Мы будем решать задачу бинарной классификации, где:  
класс 1 соответствует "плохой" заявке, которую мы хотим отклонить;  
класс 0 же соответствует "хорошей" заявке, хотим одобрить.

### Feature generation and data split

In [6]:
# Сгенерируем дополнительные фичи
# Для каждого статуса проверки, мы группируем данные по 'checking_status' и вычисляем стандартное отклонение, медиану и среднее значение 'duration_months' и 'credit_amount'
df['check_status_dur_std'] = df.groupby('checking_status')['duration_months'].transform('std')
df['check_status_dur_median'] = df.groupby('checking_status')['duration_months'].transform('median')
df['check_status_dur_mean'] = df.groupby('checking_status')['duration_months'].transform('mean')

# Аналогично для 'credit_amount'
df['check_status_credit_am_std'] = df.groupby('checking_status')['credit_amount'].transform('std')
df['check_status_credit_am_meadian'] = df.groupby('checking_status')['credit_amount'].transform('median')
df['check_status_credit_am_mean'] = df.groupby('checking_status')['credit_amount'].transform('mean')

# Аналогичная группировка данных по 'credit_history'
df['credit_history_dur_std'] = df.groupby('credit_history')['duration_months'].transform('std')
df['credit_history_dur_median'] = df.groupby('credit_history')['duration_months'].transform('median')
df['credit_history_dur_mean'] = df.groupby('credit_history')['duration_months'].transform('mean')
df['credit_history_credit_am_std'] = df.groupby('credit_history')['credit_amount'].transform('std')
df['credit_history_credit_am_median'] = df.groupby('credit_history')['credit_amount'].transform('median')
df['credit_history_credit_am_mean'] = df.groupby('credit_history')['credit_amount'].transform('mean')

# Дополнительные фичи, которые могут характеризовать условную платёжную нагрузку в единицу времени
df['amount_to_duration'] = df['credit_amount'] / df['duration_months']
df['installment_mul_duration'] = df['installment_commitment'] * df['duration_months']

In [7]:
X = df.drop('target', axis=1).columns
y = ['target']

In [8]:
features2drop = []
target = ['target']
filtered_features = [c for c in df.columns if (c not in target and c not in features2drop)]
num_features = [c for c in df.columns if c not in target and pd.api.types.is_numeric_dtype(df[c])]
cat_features = [c for c in df.columns if c not in target and c not in num_features]
assert len(target) + len(num_features) + len(cat_features) + len(features2drop) == len(df.columns)
assert len(filtered_features) == len(num_features) + len(cat_features)

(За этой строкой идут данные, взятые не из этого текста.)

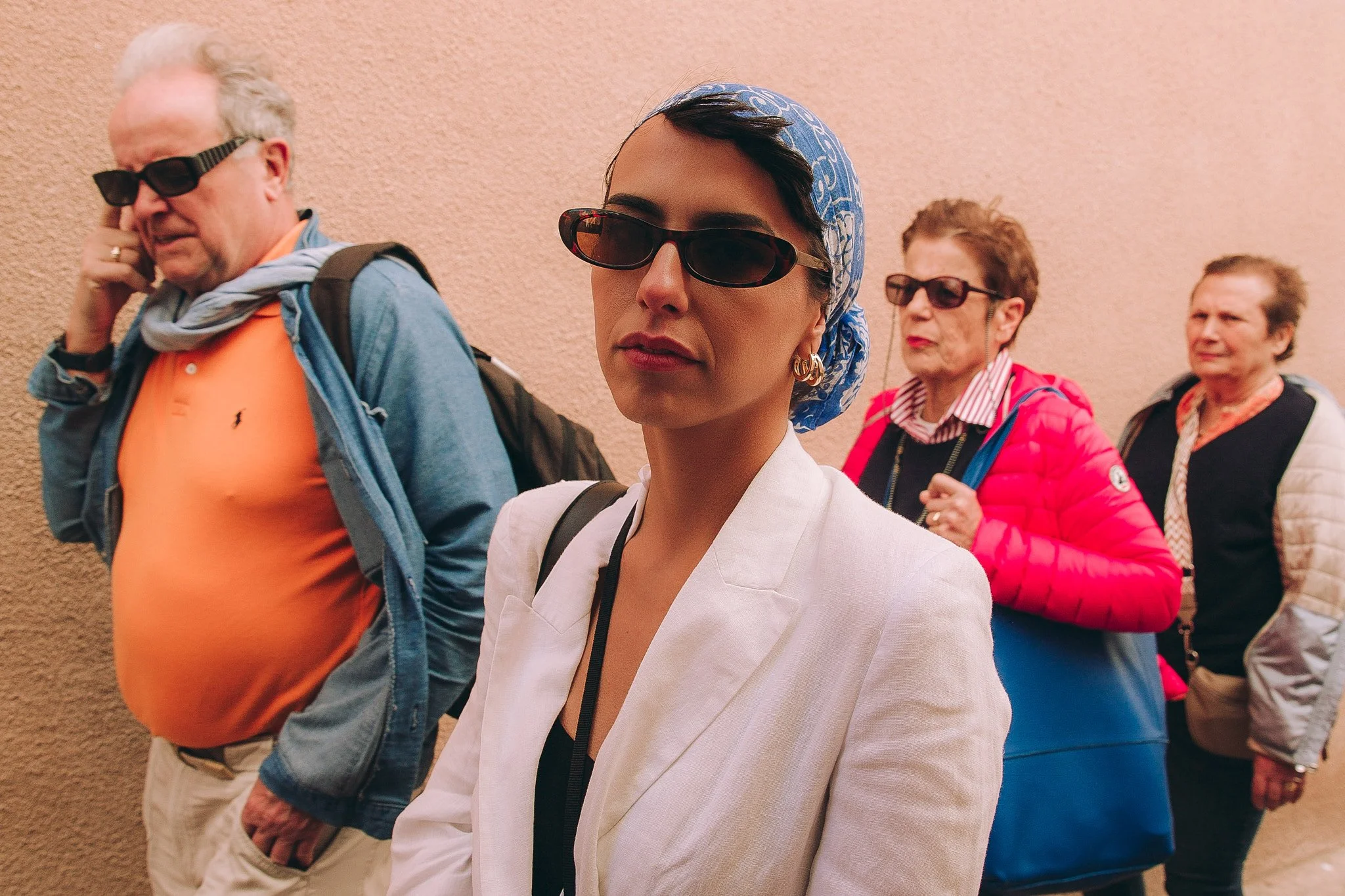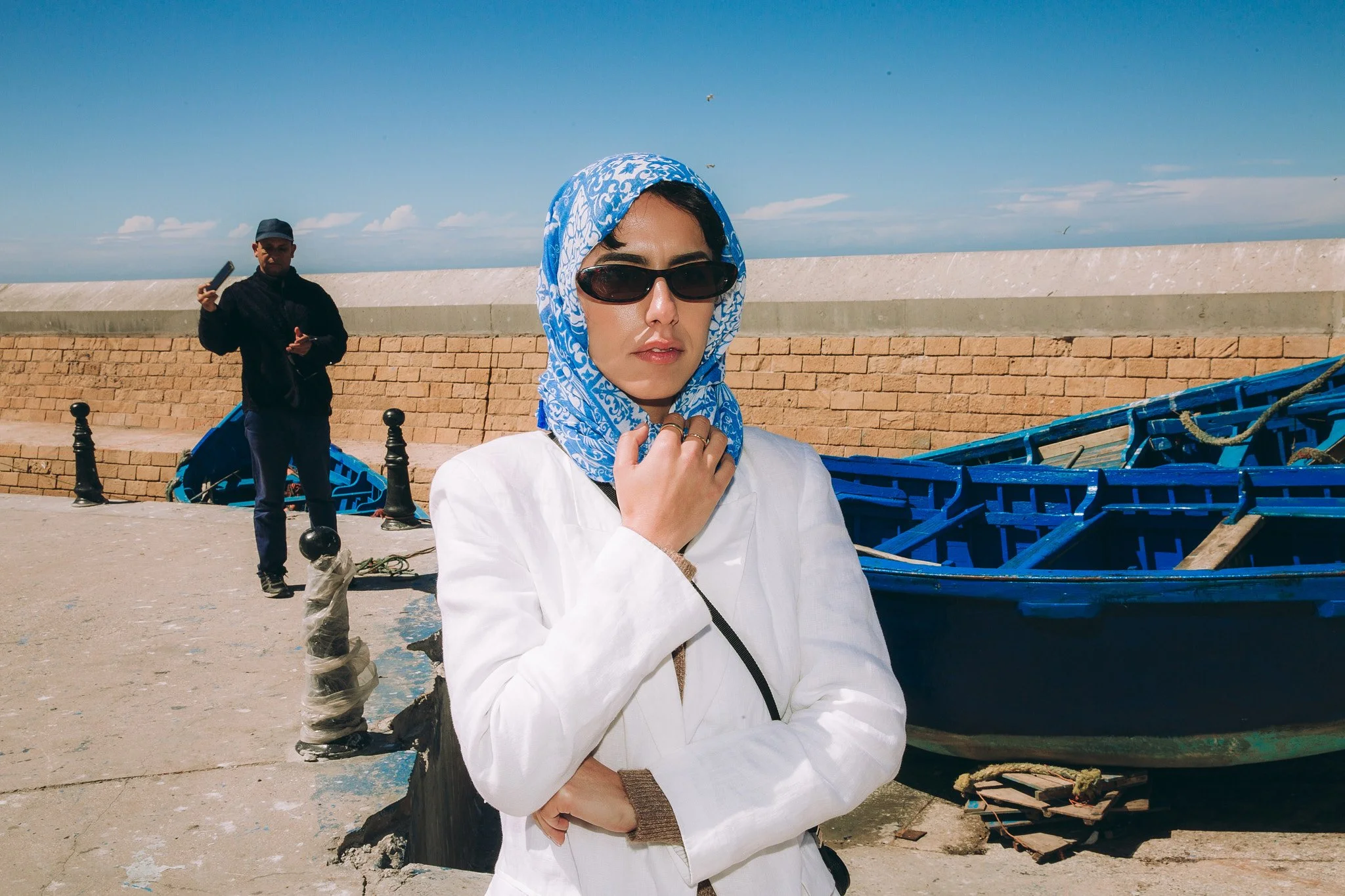 A person sitting on a white chair, wearing a brown leather jacket, maroon wide-leg pants, black shoes, rings, and a headscarf, with a white background.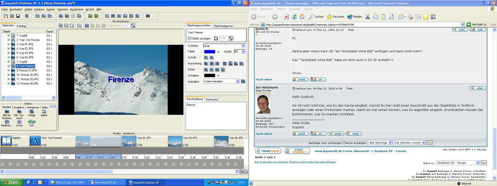 Danach fügtst Du dieses Bild an der/den stelle/stellen ein, an welchen Du Text haben willst. Die Darstellungszeit kannst Du auf z.B. 2 Sekunden stellen. Danach fügst Du nach dem "leeren" Bild das Textobjekt ein, in welchem Du Deinen Text schreiben kannst. Die Darstellungszeit stellst Du auf z.B 8 Sekunden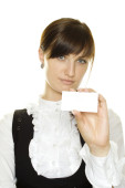piękna dziewczyna w białej sukni wyświetlone wizytówkę. na białym tle.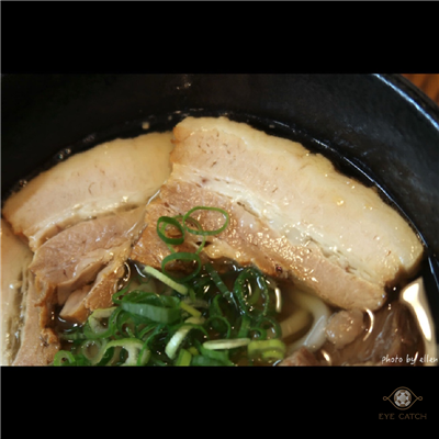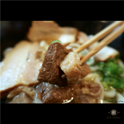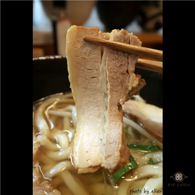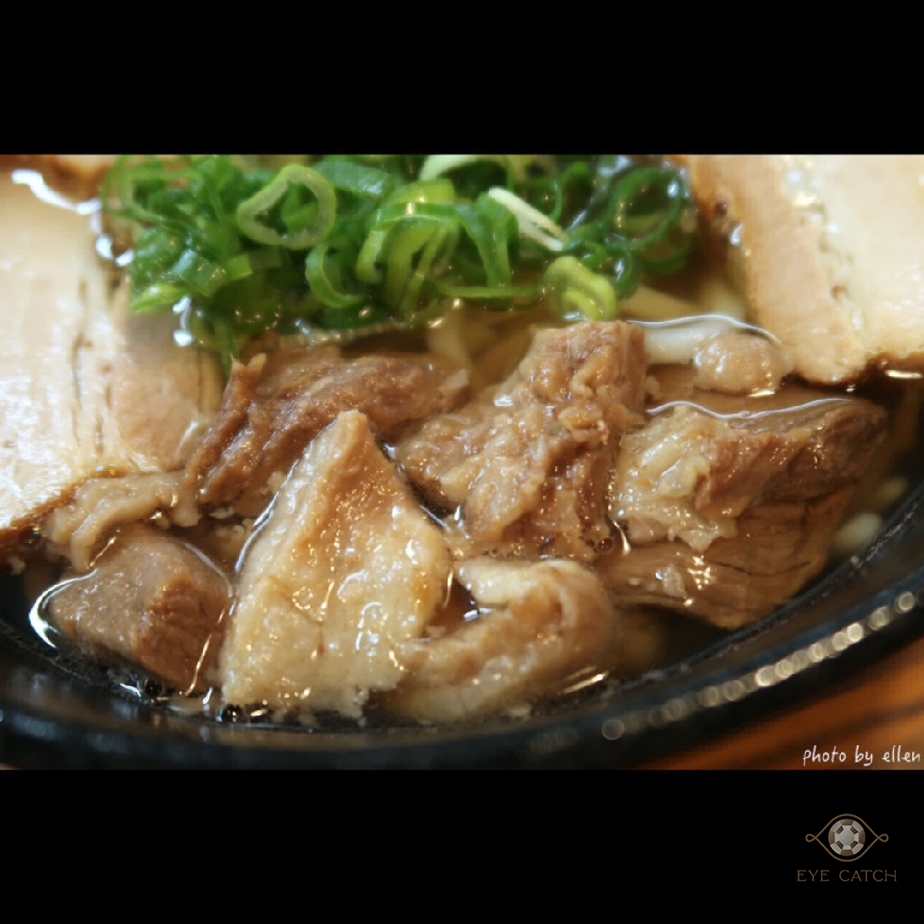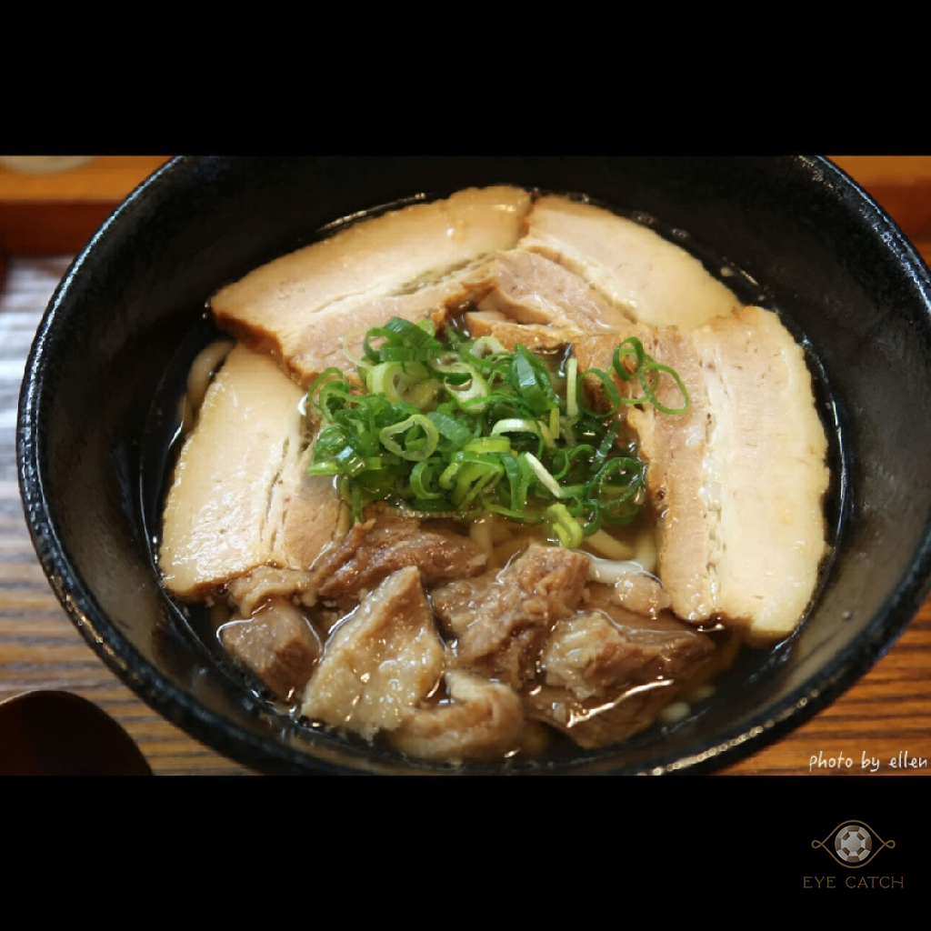 招牌烏龍麵是和牛牛筋煮與豬肉角煮雙拼, 豬肉牛筋不少肥肉, 湯麵的湯卻非常清爽, 滿滿鰹魚香帶一點酸, 一口接一口喝光光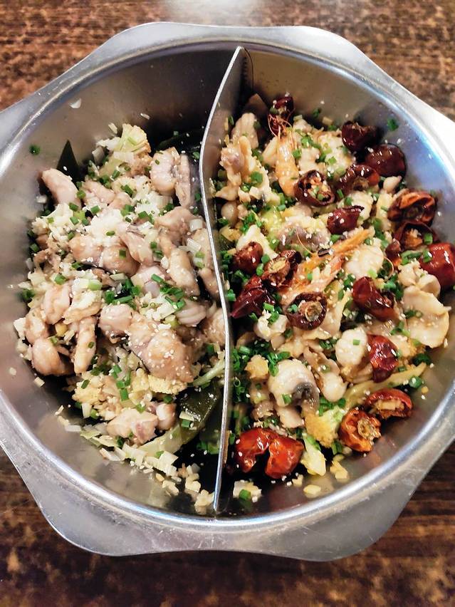 这家店里面最有名的就是鱼。我看了下,来吃饭的大多数都会点鱼火锅。有酸汤鱼,酸辣鱼,烤鱼,脆皮鱼等等。我们是点的鸳鸯锅。团购的套餐里面也有一些蔬菜。4个人,点4人套餐,足够吃了。味道也超级好。

Учитывая малый размер выборки, мы разобьём её только на две части  
- *train* - для обучения моделей с использованием кросс-валидации  
- *test* - для тестирования лучшей модели

In [None]:
train, test = train_test_split(df, test_size=0.25, random_state=RANDOM_STATE, stratify=df[y])
print(f'Размер обучающей выборки {train.shape}, это составляет {len(train)/len(df):.0%} данных')
print(f'Размер тестовой выборки {test.shape}, это составляет {len(test)/len(df):.0%} данных')

In [10]:
kfold = StratifiedKFold(n_splits=5, random_state=RANDOM_STATE, shuffle=True)

### Declaring functions

Создадим кастомный скоринг weighted_accuracy.

Описание данных сообщает нам валюту счёта - `Deutsche Mark`.  
Учитывая низкий уровень инфляции (как следствие - низкий уровень процентных ставок по кредитным продуктам), одобрение "плохой" заявки может нести существенные финансовые потери.  
В этой связи мы будем сильнее штрафовать модель за FN (то есть одобрение "плохой" заявки) будем использовать вес -10.  
Вес верного предсказания отрицательного класса (TN) будет 2, мы хотим одобрять "хорошие" заявки и зарабатывать на этом.  
Вес неверного предсказания положительного класса (FP) будет -1, мы не хотим терять потенциал и отклонять "хорошие" заявки.  
Вес верно отклонённой заявки (TP) будет равен 0.  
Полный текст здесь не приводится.